Work required =>
A faithful transcription of all the data, images excluded, is the required answer.

Source material =>
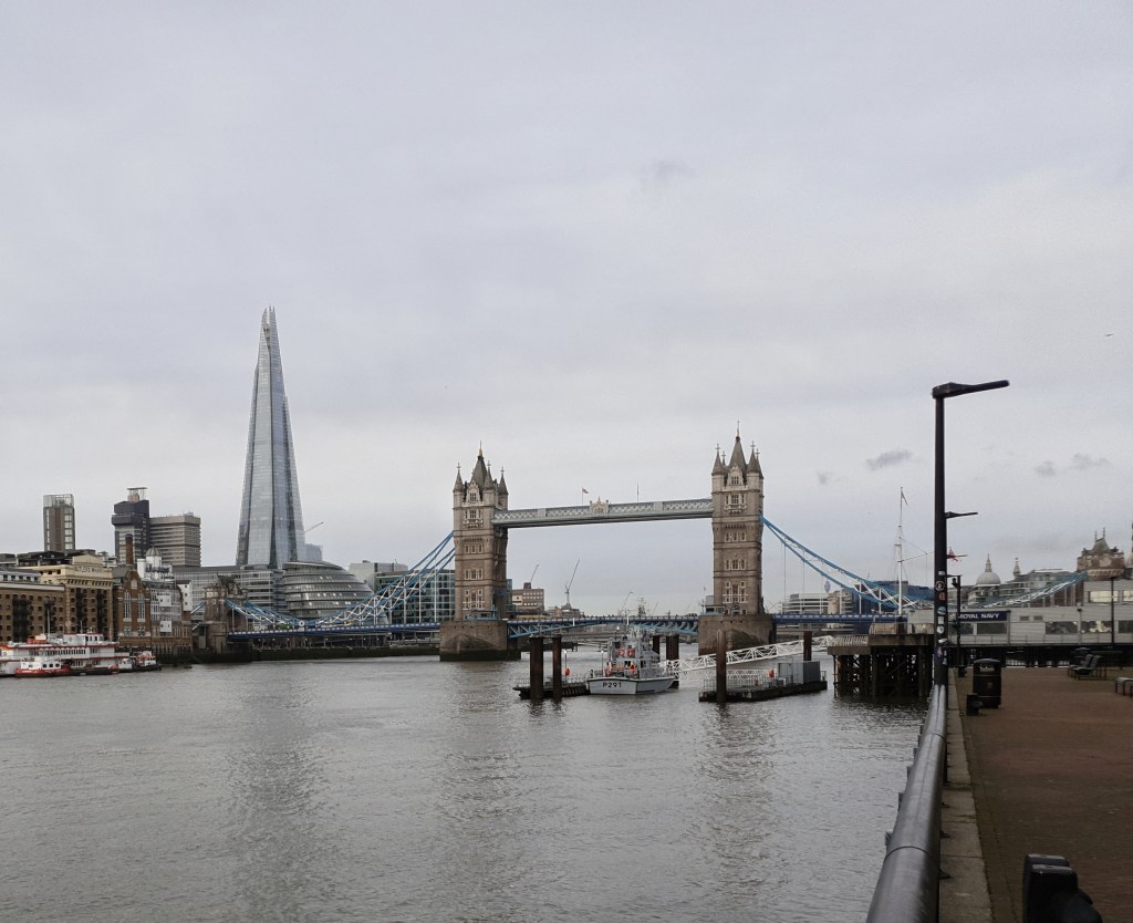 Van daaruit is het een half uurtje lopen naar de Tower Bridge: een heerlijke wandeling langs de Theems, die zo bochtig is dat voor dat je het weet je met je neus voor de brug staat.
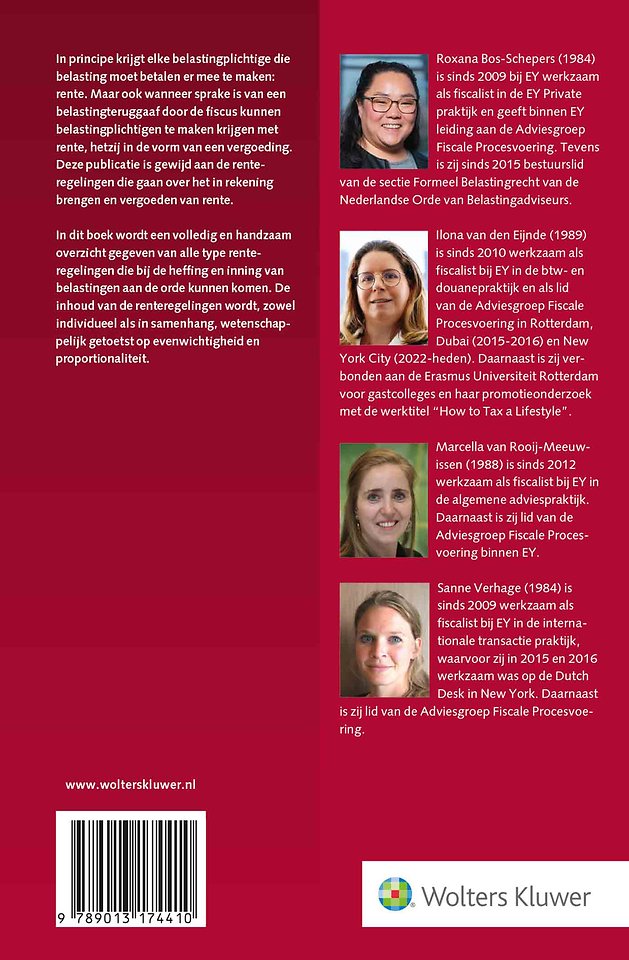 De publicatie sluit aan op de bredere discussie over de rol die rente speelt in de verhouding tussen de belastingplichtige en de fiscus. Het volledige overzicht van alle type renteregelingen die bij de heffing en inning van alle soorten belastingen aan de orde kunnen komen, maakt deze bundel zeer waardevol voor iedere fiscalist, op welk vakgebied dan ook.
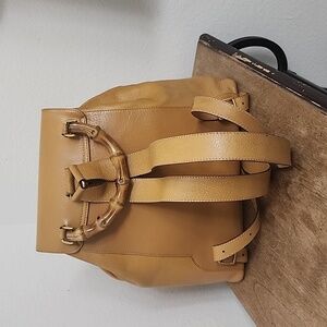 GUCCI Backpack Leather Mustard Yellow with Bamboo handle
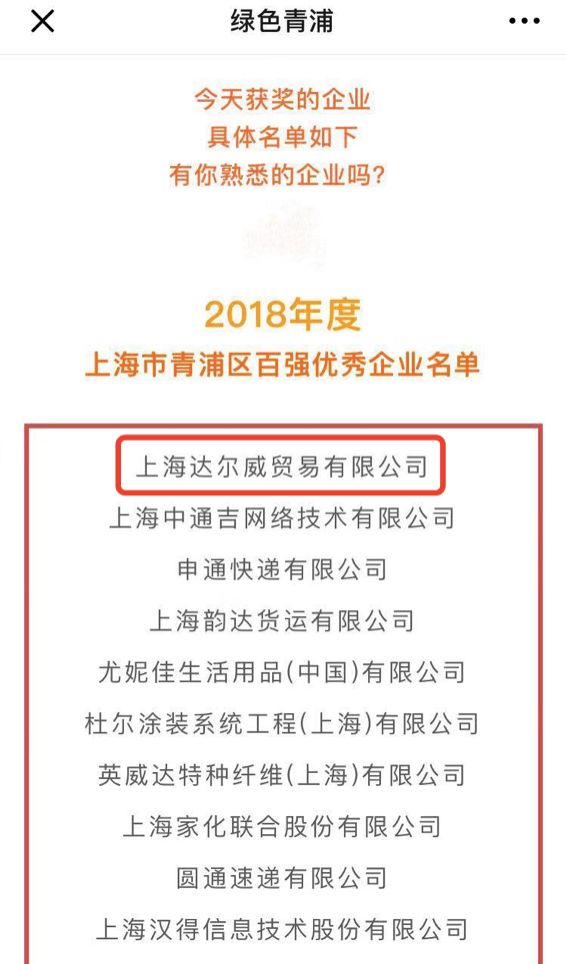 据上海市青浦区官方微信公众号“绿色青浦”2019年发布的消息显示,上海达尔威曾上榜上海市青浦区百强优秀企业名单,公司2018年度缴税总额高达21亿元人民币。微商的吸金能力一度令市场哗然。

Written reply =>
 Van daaruit is het een half uurtje lopen naar de Tower Bridge: een heerlijke wandeling langs de Theems, die zo bochtig is dat voor dat je het weet je met je neus voor de brug staat.
 De publicatie sluit aan op de bredere discussie over de rol die rente speelt in de verhouding tussen de belastingplichtige en de fiscus. Het volledige overzicht van alle type renteregelingen die bij de heffing en inning van alle soorten belastingen aan de orde kunnen komen, maakt deze bundel zeer waardevol voor iedere fiscalist, op welk vakgebied dan ook.
 GUCCI Backpack Leather Mustard Yellow with Bamboo handle
 据上海市青浦区官方微信公众号“绿色青浦”2019年发布的消息显示,上海达尔威曾上榜上海市青浦区百强优秀企业名单,公司2018年度缴税总额高达21亿元人民币。微商的吸金能力一度令市场哗然。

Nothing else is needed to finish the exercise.